Want to participate in a short research study? Help shape the future of investing tools and you could win a $250 gift card!
Science Applications International Corporation (NYSE:SAIC), which is in the it business, and is based in United States, saw a significant share price rise of over 20% in the past couple of months on the NYSE. As a mid-cap stock with high coverage by analysts, you could assume any recent changes in the company’s outlook is already priced into the stock. However, what if the stock is still a bargain? Today I will analyse the most recent data on Science Applications International’s outlook and valuation to see if the opportunity still exists.
Is Science Applications International still cheap?
Good news, investors! Science Applications International is still a bargain right now. According to my valuation, the intrinsic value for the stock is $113.9, but it is currently trading at US$87.17 on the share market, meaning that there is still an opportunity to buy now. What’s more interesting is that, Science Applications International’s share price is quite volatile, which gives us more chances to buy since the share price could sink lower (or rise higher) in the future. This is based on its high beta, which is a good indicator for how much the stock moves relative to the rest of the market.
What kind of growth will Science Applications International generate?
Investors looking for growth in their portfolio may want to consider the prospects of a company before buying its shares. Although value investors would argue that it’s the intrinsic value relative to the price that matter the most, a more compelling investment thesis would be high growth potential at a cheap price. Science Applications International’s earnings over the next few years are expected to double, indicating a very optimistic future ahead. This should lead to stronger cash flows, feeding into a higher share value.
What this means for you:
Are you a shareholder? Since SAIC is currently undervalued, it may be a great time to increase your holdings in the stock. With an optimistic outlook on the horizon, it seems like this growth has not yet been fully factored into the share price. However, there are also other factors such as financial health to consider, which could explain the current undervaluation.

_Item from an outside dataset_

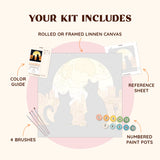 Celebrate the beauty of companionship with the "Friendship" paint-by-numbers canvas. This enchanting design features two cats gazing at a glowing full moon, set against a serene cityscape. Perfect for cat lovers and art enthusiasts, this kit brings a sense of warmth and connection to your creative space.

Are you a potential investor? If you’ve been keeping an eye on SAIC for a while, now might be the time to make a leap. Its buoyant future outlook isn’t fully reflected in the current share price yet, which means it’s not too late to buy SAIC. But before you make any investment decisions, consider other factors such as the track record of its management team, in order to make a well-informed investment decision.
Price is just the tip of the iceberg. Dig deeper into what truly matters – the fundamentals – before you make a decision on Science Applications International. You can find everything you need to know about Science Applications International in the latest infographic research report. If you are no longer interested in Science Applications International, you can use our free platform to see my list of over 50 other stocks with a high growth potential.
We aim to bring you long-term focused research analysis driven by fundamental data. Note that our analysis may not factor in the latest price-sensitive company announcements or qualitative material.
If you spot an error that warrants correction, please contact the editor at firstname.lastname@example.org. This article by Simply Wall St is general in nature. It does not constitute a recommendation to buy or sell any stock, and does not take account of your objectives, or your financial situation. Simply Wall St has no position in the stocks mentioned. Thank you for reading.